I am happy to supply serial numbers upon request, just didn't want to dismantle the box to get to all of them:
Configuration:

I am happy to supply other configuration/log information as needed.
  • TrueNAS Version: TrueNAS-13.0-U3.1
  • Previously had a SyncThing jail installed but removed, no current jails installed

Description:

The problem will usually start within a 24 hour period of a reboot.

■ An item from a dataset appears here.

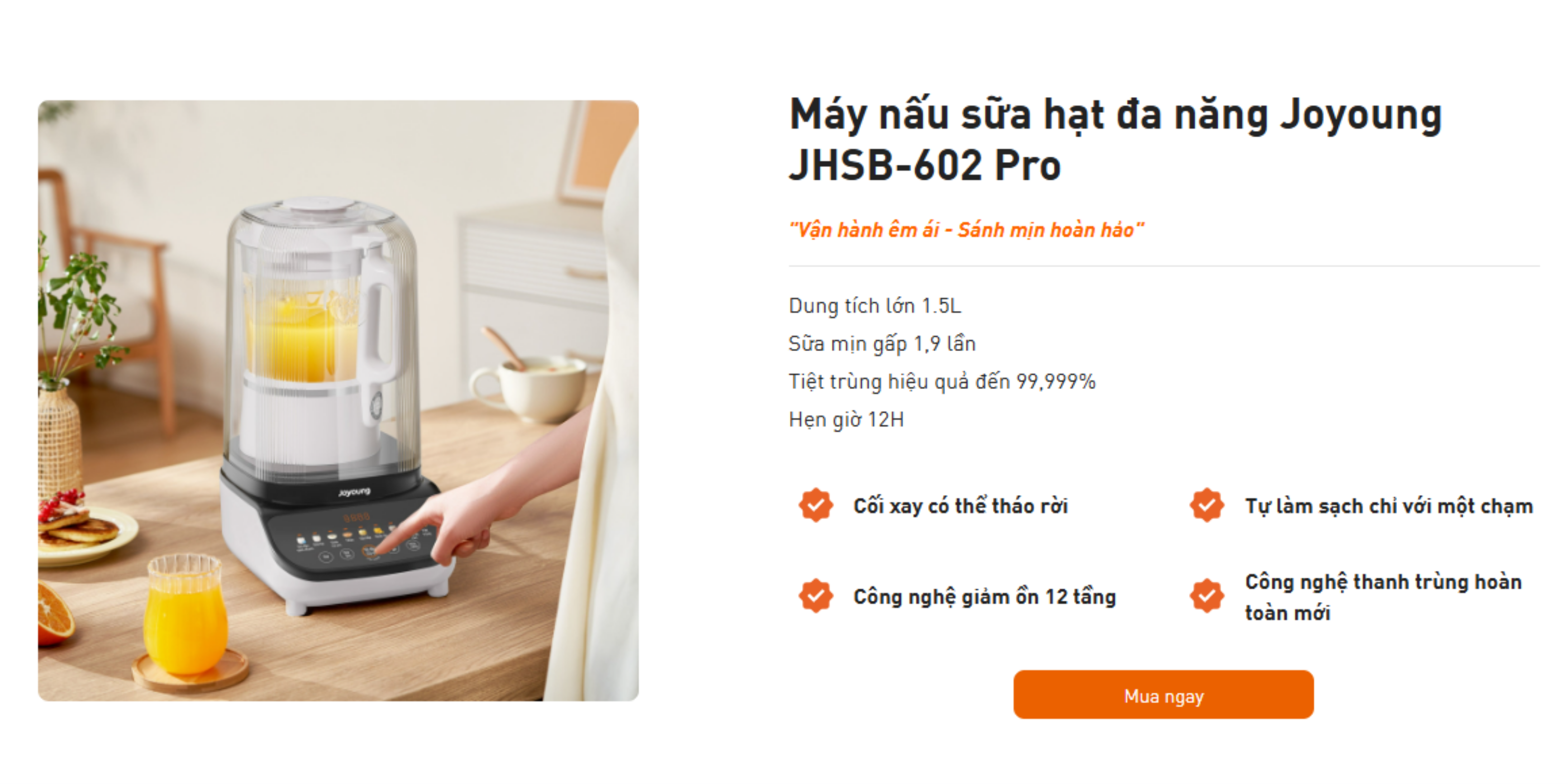 Vận hành êm ái: Máy nấu sữa hạt chống ồn tốt nhất với công nghệ giảm ồn 12 tầng giúp máy vận hành êm ái, hạn chế tiếng ồn khi xay nấu

When the problem occurs, TrueNAS becomes unresponsive. I am unable to see it on the network, the web UI does not connect, you can't reach the login page. Attaching a monitor to the physical box, I see the following cascade of error messages in the console and the console is unresponsive to the keyboard:

uhub_reattach_port: giving up port 13 reset - device vanished: change 0xfb status 0x7fb
uhub_reattach_port: giving up port 14 reset - device vanished: change 0xfb status 0x7fb
uhub_reattach_port: giving up port 1 reset - device vanished: change 0xfb status 0x7fb
uhub_reattach_port: giving up port 2 reset - device vanished: change 0xfb status 0x7fb
uhub_reattach_port: giving up port 3 reset - device vanished: change 0xfb status 0x7fb
uhub_reattach_port: giving up port 4 reset - device vanished: change 0xfb status 0x7fb
uhub_reattach_port: giving up port 5 reset - device vanished: change 0xfb status 0x7fb
uhub_reattach_port: giving up port 6 reset - device vanished: change 0xfb status 0x7fb
uhub_reattach_port: giving up port 7 reset - device vanished: change 0xfb status 0x7fb
uhub_reattach_port: giving up port 8 reset - device vanished: change 0xfb status 0x7fb
uhub_reattach_port: giving up port 9 reset - device vanished: change 0xfb status 0x7fb
uhub_reattach_port: giving up port 10 reset - device vanished: change 0xfb status 0x7fb
Jan 11 13:04:05 vault 1 2023-01-11T13:04:05.447511-08:00 vault.local collectd 1457 - - plugin_dispatch_values: Low water mark reached. Dropping 100% of metrics.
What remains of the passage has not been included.